In [31]:
from nltk.corpus import wordnet as wn
import csv, random, time
from collections import deque
import numpy as np
from enum import Enum
from nltk.corpus.reader.wordnet import Synset,Lemma

In [64]:
class PropertyType(Enum):
    LEX = 'lexical'
    SEM = 'semantic'


CONFIG = [
    ('synonym', 'syn', lambda elem: [l for l in elem.synset().lemmas() if elem is not l], PropertyType.LEX),
    ('antonym', 'ant', Lemma.antonyms, PropertyType.LEX),
#     ('hypernym', 'hyper', Synset.hypernyms, PropertyType.SEM),
    #('hyponym', 'hypo', Synset.hyponyms, PropertyType.SEM),
#     ('holonym', 'holo', [Synset.member_holonyms, Synset.substance_holonyms, Synset.part_holonyms], PropertyType.SEM),
    #('meronym', 'mero', [Synset.member_meronyms, Synset.substance_meronyms, Synset.part_meronyms], PropertyType.SEM),
    #('causes', 'causes', Synset.causes, PropertyType.SEM),
    #('entailment', 'entail', Synset.entailments, PropertyType.SEM),
]

In [65]:
class RouletteData:
    def __init__(self, data):
        self.data = data
        self.elems = [e for e in data]
        self.weights = []
        self.cums_weights = []
        self._normalize_data()

    def _normalize_data(self):
        temp = 0
        for elem in self.data:
            self.weights.append(self.data[elem])
            temp += self.data[elem]
            self.cums_weights.append(temp)

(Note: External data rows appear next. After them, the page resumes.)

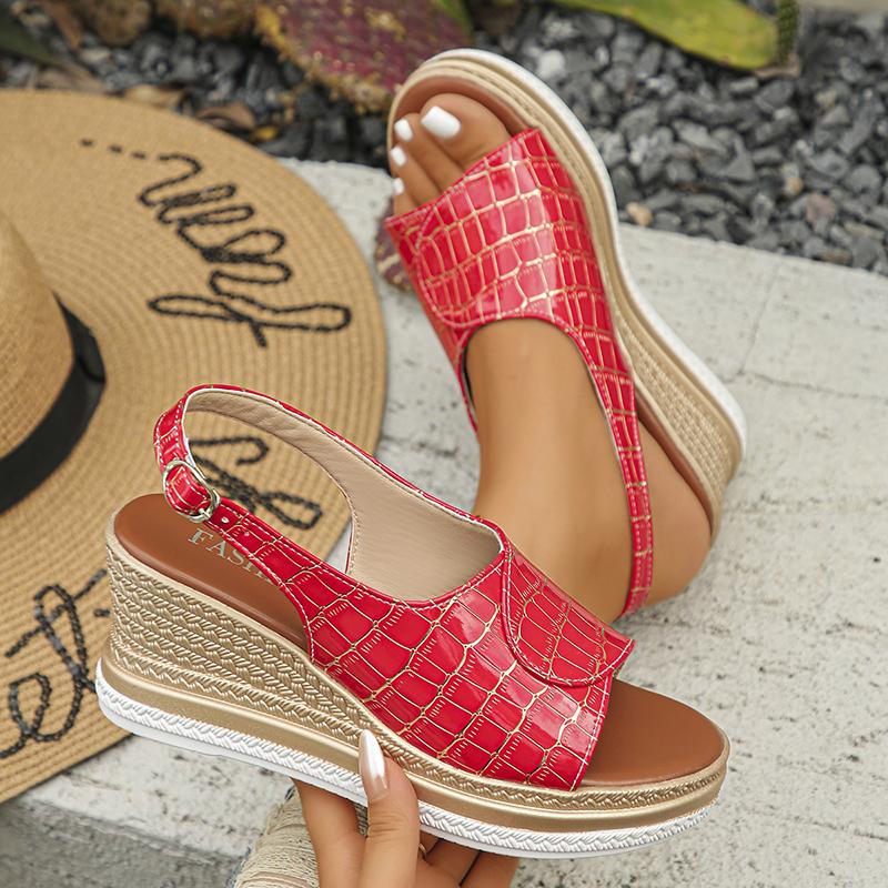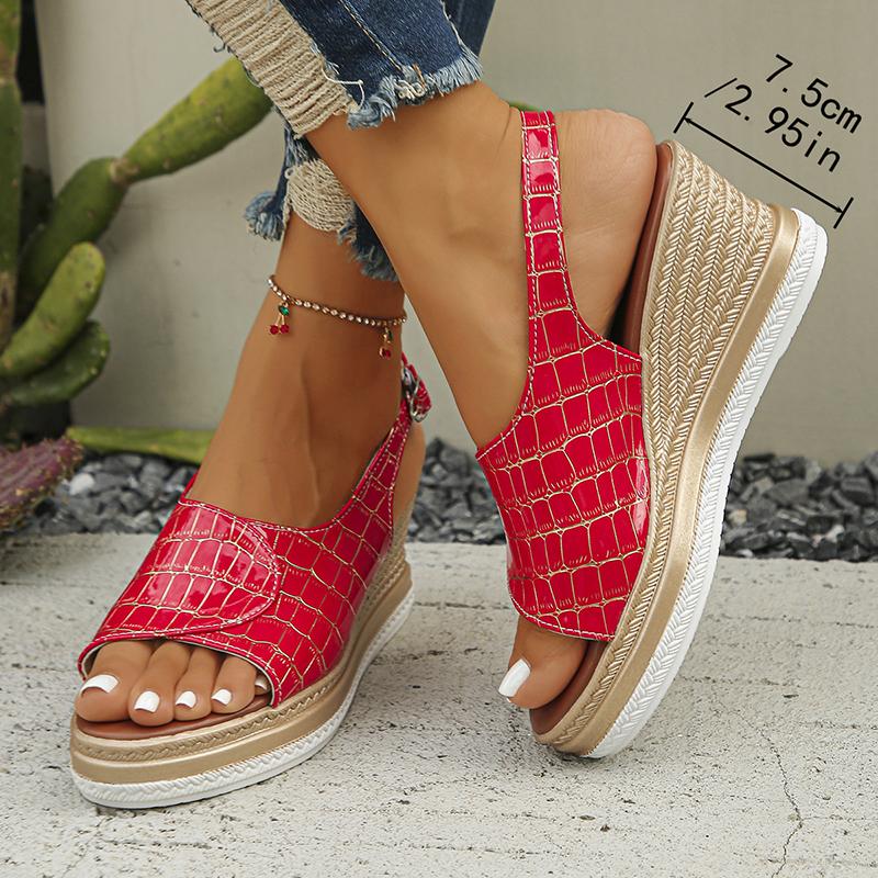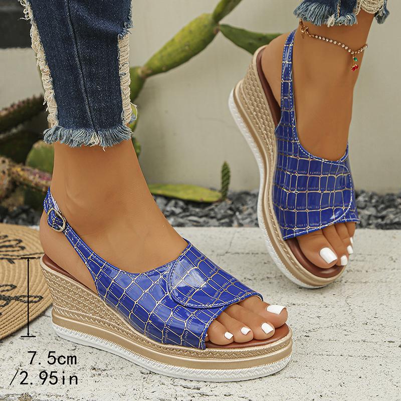 Модные сандалии на танкетке в клетку для женщин Лето 2025 Сандалии с открытым носком на массивной платформе Женские на толстой подошве с ремешком на пряжке Римские сандалии
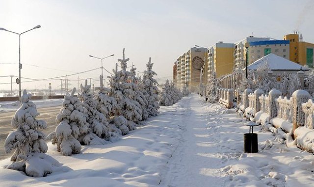 على الرغم من حقيقة أن الماء والدهانات وحتى البنزين يتجمد بسرعة في مثل هذه الأماكن، إلا ان الناس لا يزالون يعيشون في مدينة فيرخويانسك، التي تعد من اكثر المدن برودة في العالم. درجات الحرارة تصل الى مستويات قياسية للغاية في هذه المدينة، ويمكنها ان تصل الى 60 درجة مئوية تحت الصفر، لكنها في العادة تكون 40 درجة تحت الصفر.
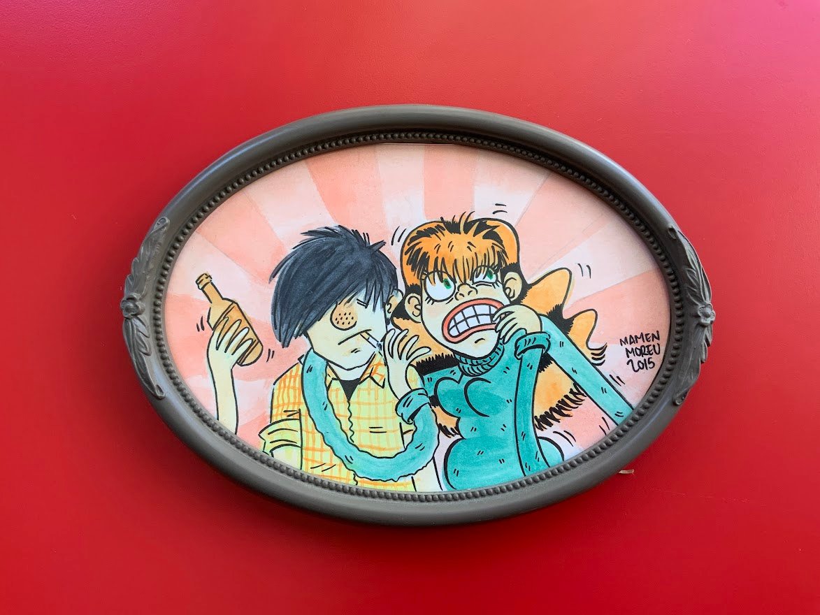 Cuadrito de Buddy y Lisa dibujados en mi estilo. Año 2015.
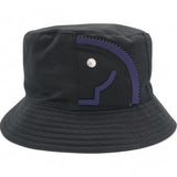 | Bucket hat in water resistant technical gabardine, horse head-shaped pocket with patches in Swift calfskin on the side. Lining in contrasting linen. Brushed palladium plated Clou de Selle detail on the side. |
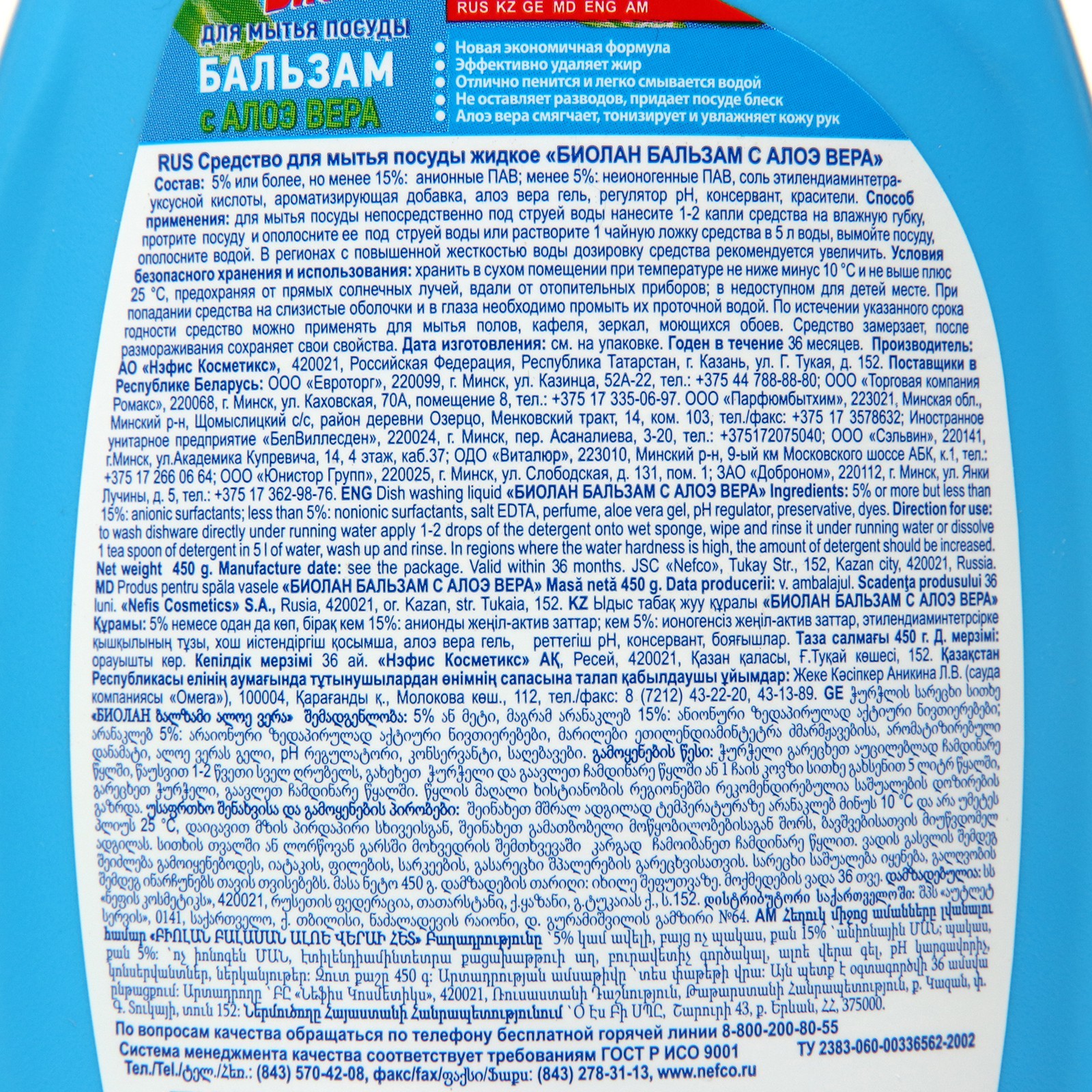 Средство для мытья посуды "биолан - алоэ вера", 450 мл. Средство для мытья посуды "Биолан - Алоэ Вера", 450 мл -Новая экономичная формула -Эффективно удаляет жир -Отлично пенится и легко смывается водой -Не оставляет разводов, придает посуде блеск -Алоэ вера смягчает, тонизирует и увлажняет кожу Ваших рук Способ применения:Для мытья посуды непостредственно под струей воды нанесите 1-2 капли средства на влажную губку, протрите посуду и ополосните ее под струей воды или растворите 1 чайную ложку средства в 5 л воды, вымойте посуду, ополосните водой. Состав:5% или более, но менее 15%: анионные ПАВ; менее 5%: неионогенные ПАВ, соль этилендиаминтетрауксусной кислоты, ароматизирующая добавка, алоэ вера гель, регулятор рН, консервант, красители Меры предосторожности: Использовать средство только по назначению. Хранить в недоступном для детей месте. Хранить вдали от пищевых продуктов. Хранить с закрытой крышкой. Хранить в сухом, прохладном и темном месте. Условия хранения: Хранить в сухом помещении при температуре не ниже минус 10 0С и не выше плюс 25 0С, предохраняя от прямых солнечных лучей, вдали от отопительных приборов; в недоступном для детей месте. При попадании средства на слизистые оболочки и в глаза необходимо промыть их проточной водой. По истечении указанного срока годности средство можно применять для мытья полов, кафеля, зеркал, моющихся обоев. Средство замерзает, после размораживания сохраняет свои свойства. Вес, г/Объём, мл: 450 Температурное ограничение: Нет Вид: Гель  развернуть описание ▼
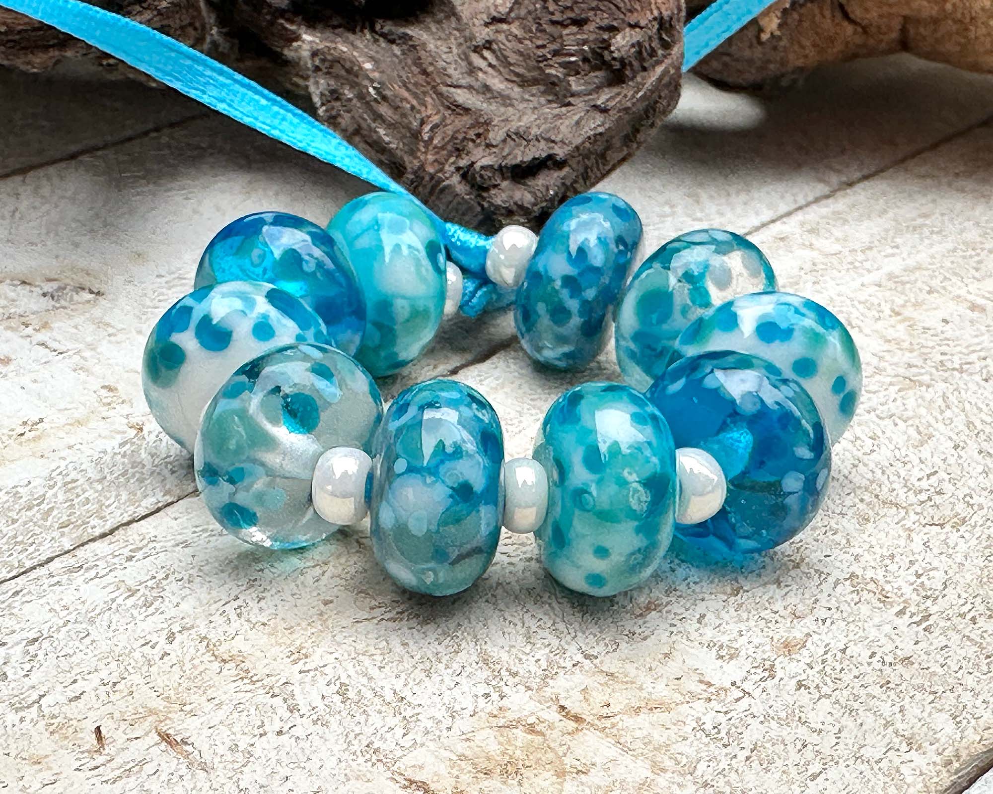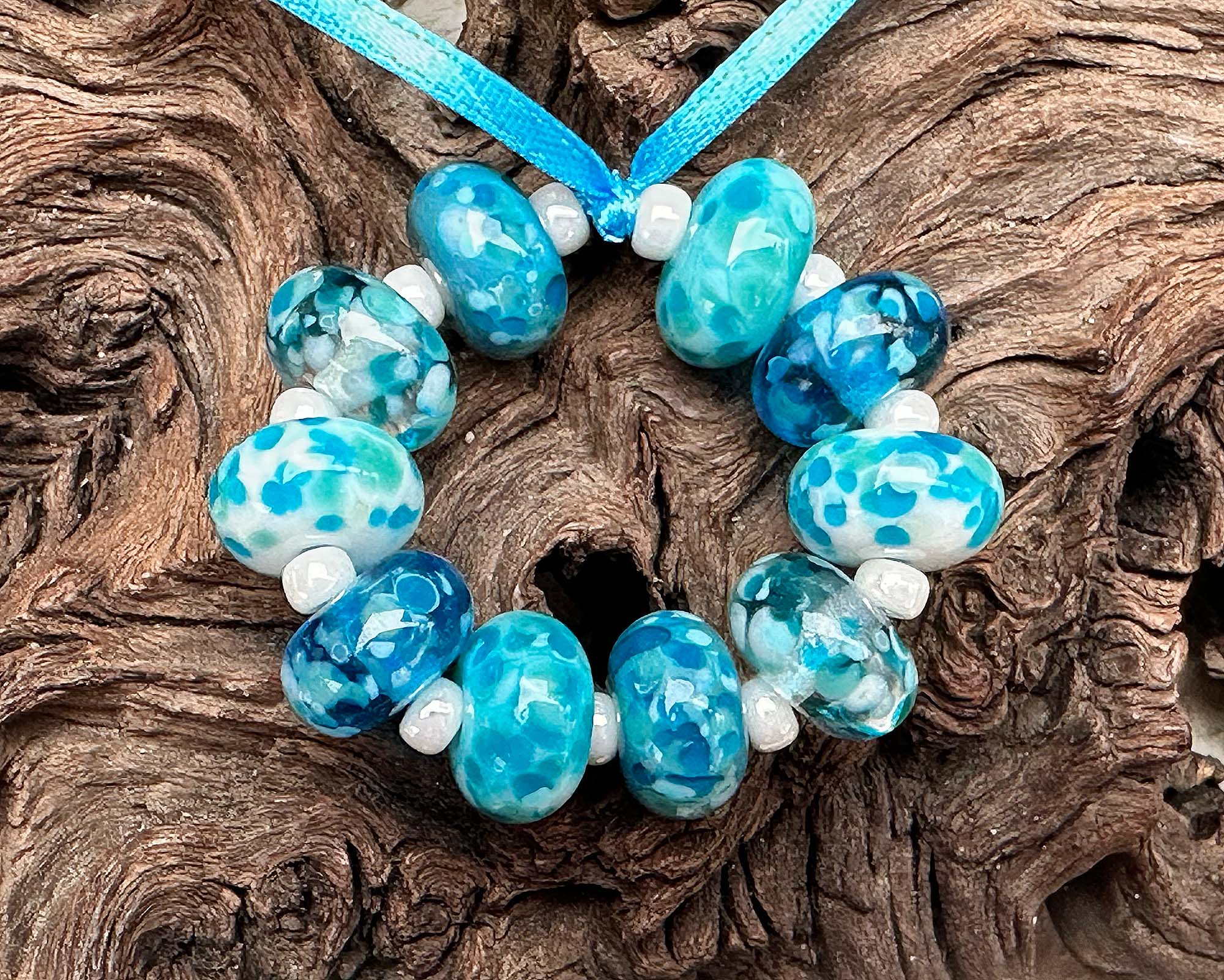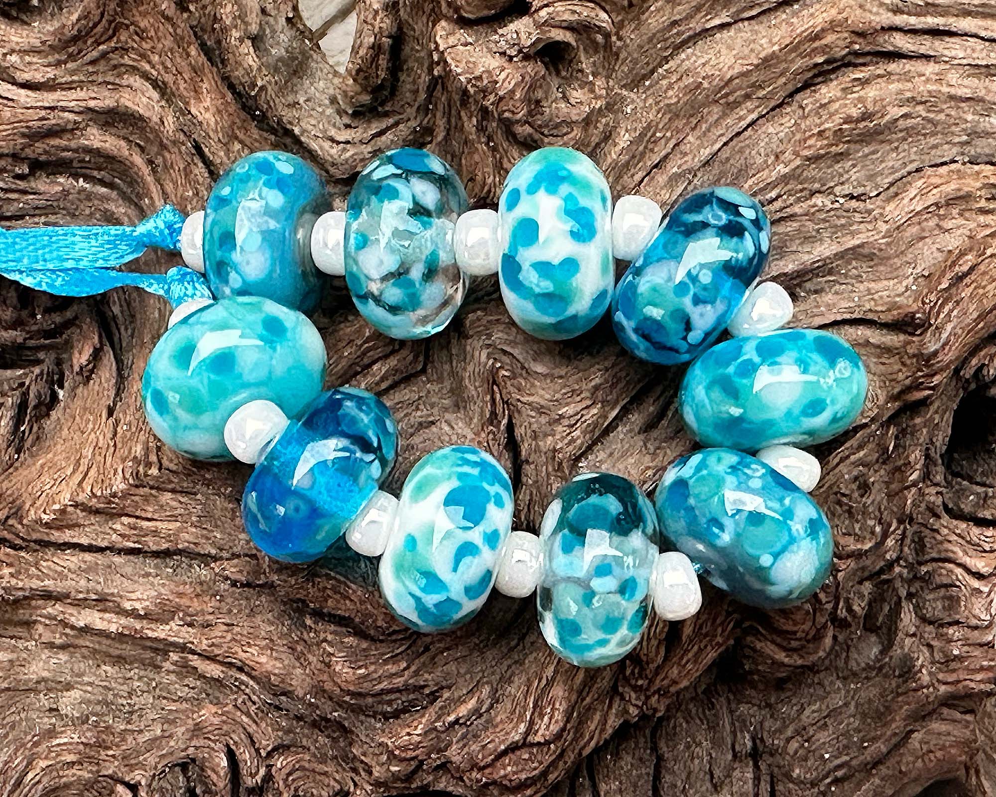 10 Ocean Blue Mosaic Lampwork Beads Set SRA
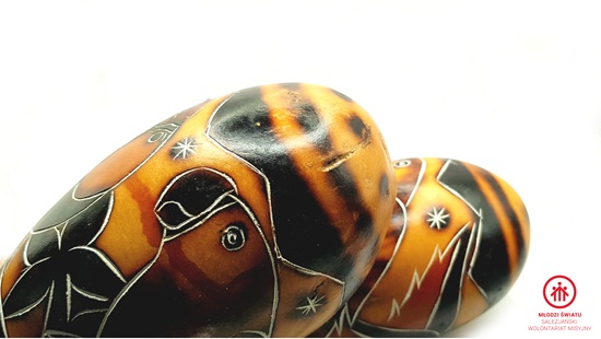Marakasy z tykwy ręcznie rzeźbione, podwójne, duże ok. 30 cm_ Peru
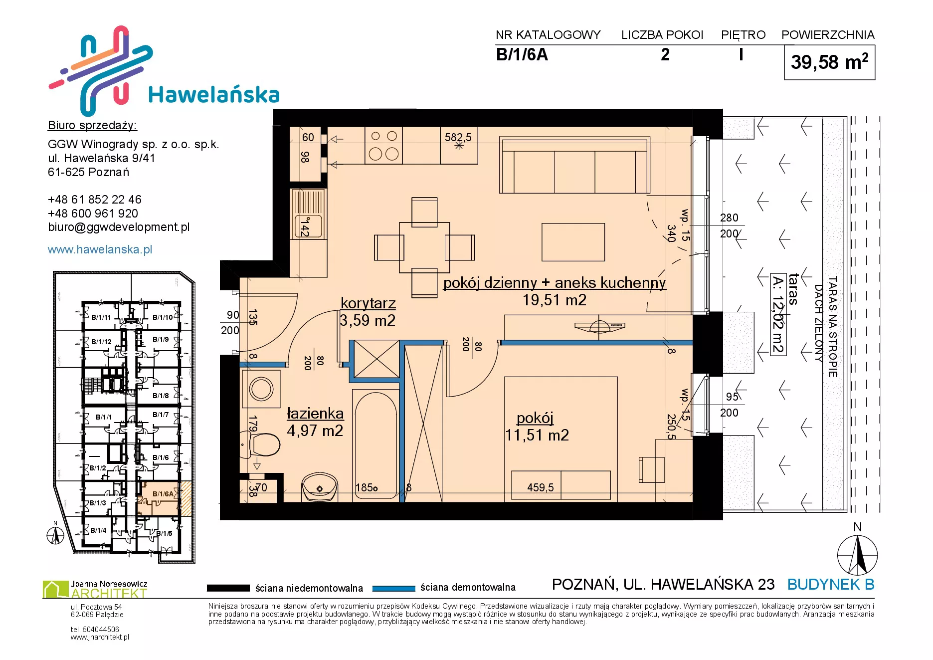 Udogodnienia: tereny zielone, blisko komunikacji miejskiej, plac zabaw dla dzieci, rowerownia Przynależności: taras, loggia, balkon, miejsce postojowe, komórka lokatorska Bezpieczeństwo: drzwi antywłamaniowe, domofon, teren ogrodzony Wielkość Projektu: 126 lokali mieszkalnych Garaże: Deweloper przewidział miejsca postojowe naziemne oraz dwupoziomową halę garażową dla mieszkańców inwestycji. Komunikacja: przystanek autobusowy 300 m; przystanek tramwajowy 350 m Odległość od Centrum: Inwestycja znajduje się w centrum miasta

    def get_random_elements(self, k=1):
        return random.choices(self.elems, cum_weights=self.cums_weights, k=k)
    

In [66]:
def _get_word(item):
    temp = item.name().split('.')
    return temp[1] if temp[0] is "" else temp[0]


def _save_data(data, file='data', opener=None):
    print("Saving in " + file + " file")
    with (open(file, 'w') if not opener else open(file, 'w', opener=opener)) as fd:
        for t in data:
            fd.write(" ".join(map(lambda x: str(x), t)) + "\n")
    print("Done!")


def _get_relative_triplets(prop_type, elem):
    result = set()
    elem_word = _get_word(elem)
    for _, sym, func, _ in [c for c in CONFIG if c[3] is prop_type]:
        func_list = func if isinstance(func, (list, tuple)) else [func] if callable(func) else []
        for f in func_list:
            words = [_get_word(e) for e in f(elem)]
            for w in [e for e in words if e != elem_word]:
                result.add((elem_word, sym, w))
    return result


def build_wordnet_triplets(save=False):
    print("Extracting data")
    triplets = set()
    for synset in wn.all_synsets():
        triplets |= _get_relative_triplets(PropertyType.SEM, synset)
        lemmas = [lem for lem in synset.lemmas()]
        for lem in lemmas:
            triplets |= _get_relative_triplets(PropertyType.LEX, lem)
    print("Done!")
    if save:
        _save_data(triplets)

    return triplets


def _init_word_stats():
    temp = {}
    for _, sym, _, _ in CONFIG:
        temp[sym] = 0
    return temp


def _extract_stats(triplets):
    rel_stats = {}
    word_stats = {}

    for w1, r, w2 in triplets:
        if w1 not in rel_stats:
            rel_stats[w1] = _init_word_stats()
        if w2 not in rel_stats:
            rel_stats[w2] = _init_word_stats()

        word_stats[w1] = word_stats[w1]+1 if w1 in word_stats else 1
        word_stats[w2] = word_stats[w2]+1 if w2 in word_stats else 1
        rel_stats[w1][r] = rel_stats[w1][r]+1
        rel_stats[w2][r] = rel_stats[w2][r]+1

    return word_stats, rel_stats

def build_noise(triplets, samples_pc=1, save=False):
    word_stats, rel_stats = _extract_stats(triplets)
    print("Building noise")
    noise = set()
    samples_count = int(samples_pc * len(triplets))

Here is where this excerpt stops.